This is The Morning Shift, our one-stop daily roundup of all the auto news that's actually important — all in one place every weekday morning. Or, you could spend all day waiting for other sites to parse it out to you one story at a time. Isn't your time more important?
1st Gear: WTFVW
Just to provide yet another twist to the bizarre Volkswagen/Tennessee/Corker/Union drama, David Shepardson has it that VW will indeed build their boring new mid-size SUV at their Chattanooga, Tennessee plant.
This is big news for Tennessee and VW, and it's hilarious because Senator Bob Corker said explicitly that the Chattanooga plant would get the SUV only if it rejected the union. But then the UAW said they were going to open up a local chapter, despite being defeated.
So what do we have here? The workers did reject the union and Tennessee did get the SUV. Eventually.

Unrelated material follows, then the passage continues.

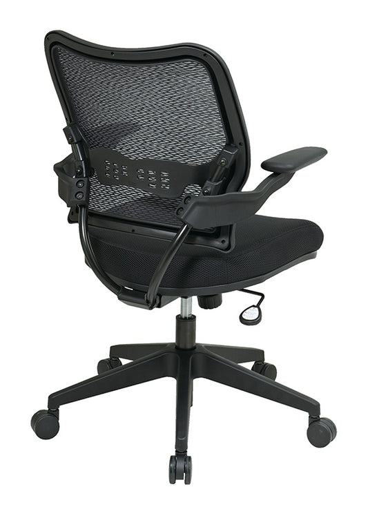 Breathable Mesh Seat and Back Executive Chair w/Top Grain Leather Trim, Adjustable Lumbar Support, Height-Adjustable Flip Arms, Industrial Steel Finish Base

Also, VW waited until after the UAW announcement saying they were coming back to announce the return of the SUV.
Possibilities:
1. VW is clever and is playing all sides.
2. VW is ignoring everyone and just doing what they were going to do anyways.
3. The UAW knew this was happening and timed it out to fit this narrative and surprised VW
4. I don't know, VW did it for the LOLs?
Here's Corker talking to, uh, it looks like no one
Still, it's 2,000 new jobs, Corker should take a victory lap.
2nd Gear: What Did You Know And When Did You Know It?
Reuters has the scoop this morning that federal prosecutors are looking into GM's statements to see if they committed fraud.
Sources said federal criminal prosecutors are working on a set of mail and wire fraud charges, similar to the criminal case Toyota Motor Corp settled earlier this year over misleading statements it made to American consumers and regulators about two different problems that caused cars to accelerate even as drivers tried to slow down.
Delphi Automotive, the maker of the GM switch, is not a target of criminal charges, the people said, because it did not make substantial public statements about the safety of the vehicles or the part. That would make it difficult to build a case under the main federal fraud laws, the wire and mail fraud statutes.
This ends with more cash going to the feds.
3rd Gear: Another Day, Another Congressional Hearing
Now that the house has had their turn grilling Mary Barra, she gets to come back this week for her probably last congressional panel for a while. But it's the Senate and it's not going to be fun, just ask anyone who sat before the Truman Committee.
On Thursday, Ms. Barra will face Sen. Richard Blumenthal (D., Conn.), one of her harshest critics, and Sen. Claire McCaskill (D., Mo.), who remains skeptical of GM's response to the issue and its internal probe that cleared the auto maker's executive team and pinned the lack of response on lower-level engineers, lawyers and a dysfunctional company culture. It took the auto maker nearly 11 years to issue a recall for the 2.6 million Chevrolet Cobalt, Saturn Ion and other older model vehicles equipped with the faulty switch.
Fun!
4th Gear: China Is Going EV For Its Government Fleet
If you can't make people buy electric cars, you can at least help create a market by buying the cars yourself.
Case-in-point: China is going to make their central government ministries and agencies convert about a third of its fleet to alternative energy. That includes EVs, fuel cells, and plug-in hybrids.
"This is a laudable aspiration," said Yang Song, a Hong Kong-based analyst at Barclays Plc, who estimates that government purchases made up less than 10 percent of total new vehicle sales in China. "Government purchases are not growing as fast as private consumption. So just to rely on the government purchase would be a challenge."
5th Gear: Venezuela Can No Longer Build Cars
Well, they can build cars, they just can't move the money they need to buy parts and do the basic things you do when you're trying to run a company. Blame currency controls by the Venezuelan government (CREAM!).
Assemblers sold just 6,200 vehicles in the first quarter of 2014, a steep drop of 83 percent compared to the same period last year, while auto-parts importers have reported a similar decline in sales, Canidra President Jose Cinirella said in an interview with private TV network Televen.
Cinirella said "it's no longer just the auto-parts sector that's in crisis, but the entire automotive sector," a scenario "unheard of in the past 50 years."
"The entire Venezuelan automotive industry is in crisis, an unprecedented crisis," he added.
Well that sucks.
Reverse: What A Guy
Raymond Loewy, the hugely influential industrial designer who put his mark on the American automobile industry with groundbreaking vehicles such as the Studebaker Champion, Starliner and Avanti, dies on this day in 1986 at his home in Monte Carlo at the age of 92.
Neutral: What happened in Tennessee?
With all the intrigue and about-faces, any guesses as to what actually happened there?